MATLAB: Symbolic toolbox (Maple) – weird behavior

Question

I am using the Maple symbolic engine to evaluate the following expressions:

1. expand(subs(int('(1-i+s*i+t*i)^p','s',0,1),'p',1))
2. expand(subs(int('(1 -s*i+t*i)^p','s',0,1),'p',1))

The result should be exactly the same. However, the second one give the completely wrong result "1/2 i", which does not even depend on 't' as it should.

• It is essential for my purposes to first integrate and only then substitute 'p'.
• The same problem happens for any integer p>0 (not just p=1).
• If I repeat the same experiment with 't' instead of 't*i' in the original expressions, everything calculates alright:

1. expand(subs(int('(1-i+s*i+ t )^p','s',0,1),'p',1)) gives exactly the same result as
2. expand(subs(int('(1 -s*i+ t )^p','s',0,1),'p',1))

Is this a bug? Any ideas?

[using Matlab 2011b and Maple 15.00 — the problem occurs with newer versions as well…]

Thanks, Shahar.

Answer 1

My understand, perhaps incorrect, is that all support for Maple as the symbolic engine after R2010b was supplied by Maplesoft -- e.g., symengine cannot be set in current versions.

I confirm the integration oddity in Maple 15; later today I will test in a newer Maple version and will report a bug if it happens in that version as well.

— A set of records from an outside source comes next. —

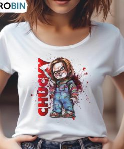 The Chucky Horror Doll Halloween Shirt Hoodie Ladies Tee is the perfect attire for Halloween enthusiasts and horror movie lovers. This shirt features a spooky design of Chucky, the iconic killer doll from the Child's Play franchise. The high-quality fabric and comfortable fit make it suitable for both men and women. Whether you're attending a Halloween party or simply want to show off your love for horror movies, this Chucky Horror Doll shirt is a must-have for your wardrobe.
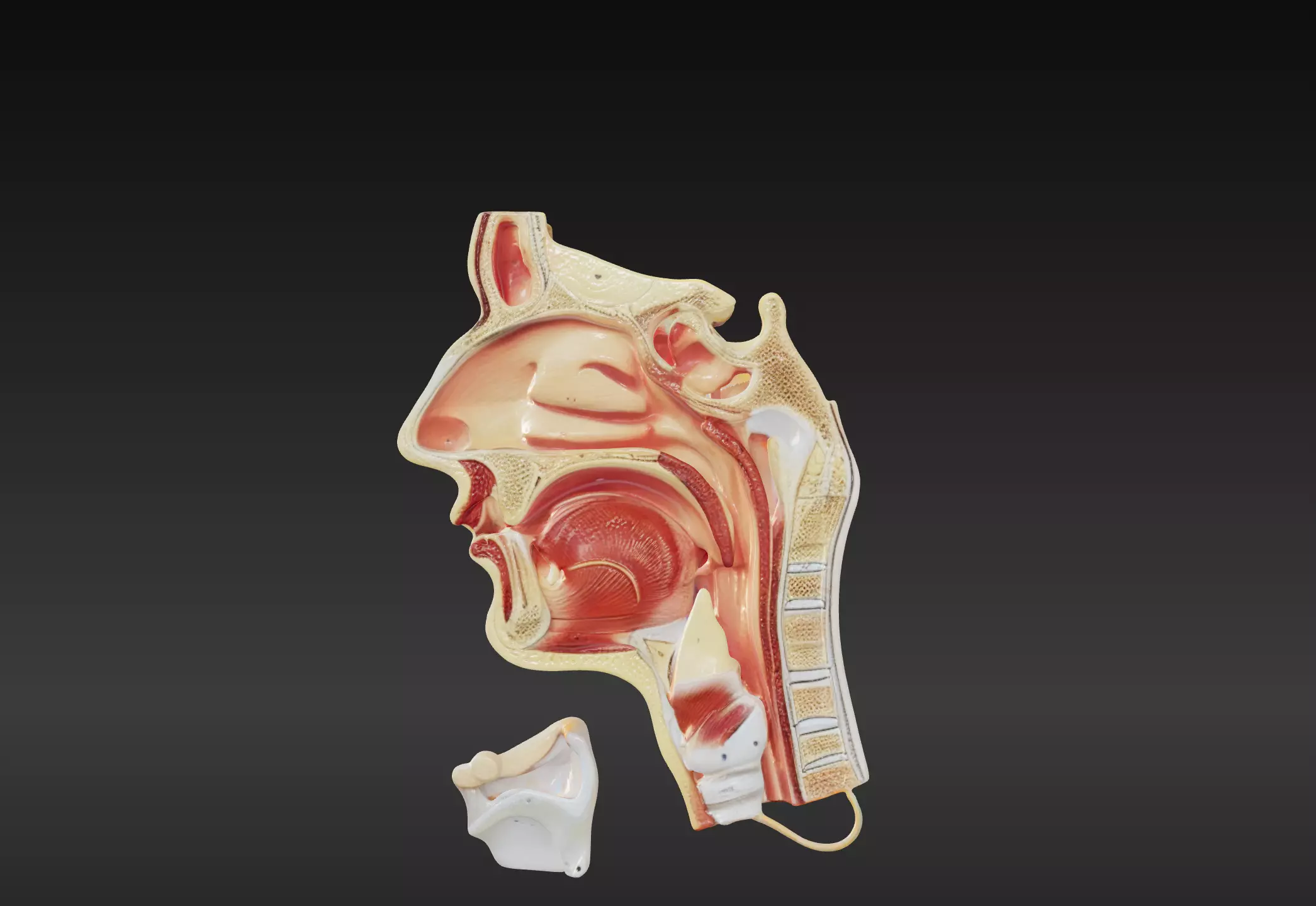 This 3D model of the cavities of the nose, mouth, and throat provides a highly detailed and anatomically accurate representation of the interconnected structures of the upper respiratory and digestive tracts. It highlights key features, including the nasal cavity, oral cavity, pharynx (nasopharynx, oropharynx, and laryngopharynx), soft palate, uvula, and the openings to the esophagus and trachea.
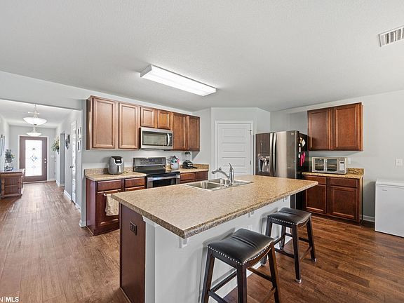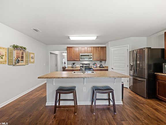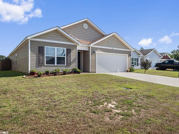 Welcome to this charming house in Foley!!! Location, location, location, this home is minutes to shopping, restaurants, OWA and the gulf coast beaches. This house is turn-key ready for its new family! As you walk into the home you are welcomed by an open foyer that invites you to the open Kitchen and Living Room. This is a split floorplan, with 4 bedrooms and 2 bathrooms and great natural lighting. As you exit to the backyard, you encounter a peaceful orchard, with a custom built shed and a amazing view of a farm field. Roof is only 2 years old and this home comes with a Gold Certification!!! Listing company makes no representation as to accuracy of square footage; buyer to verify.
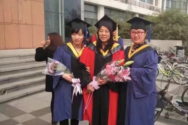 这张照片拍摄于2016年北辰校区老员工活动中心前,在参加硕士研究生毕业典礼后,张老师与两名毕业生的合影。
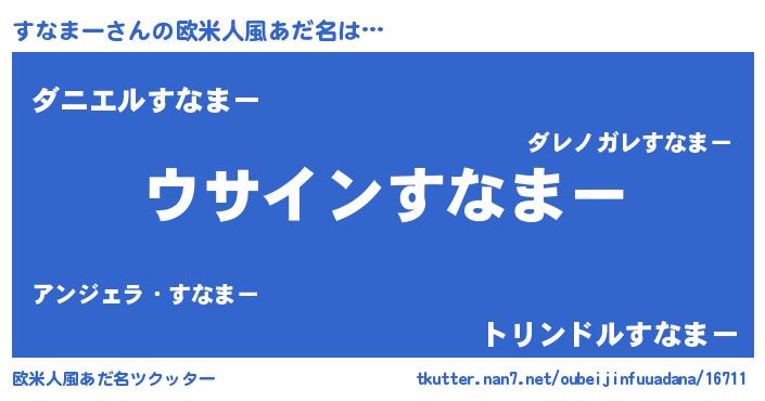 | 男性向けラノベタイトル風あだ名 | 『すなまーの嫁は女の子じゃないと思った?』 |
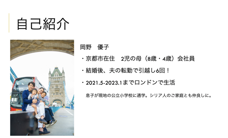 ・正直シリアや国際協力は少し遠いテーマに感じていたのですが、母としての姿勢、仕事への向き合い方、やりたいことを実現するためのステップ、色んな角度から参考になりました!

I have a good idea of what the response will be probably be, though: that it is a boundary-condition issue. Definite integration works by extrapolating the function from s and s+deltas and taking the difference and working that back to expression form for the indefinite integral, and then substituting in the actual limits supplied; that algorithm is known to produce odd results when the behavior of the function changes significantly with increasing values.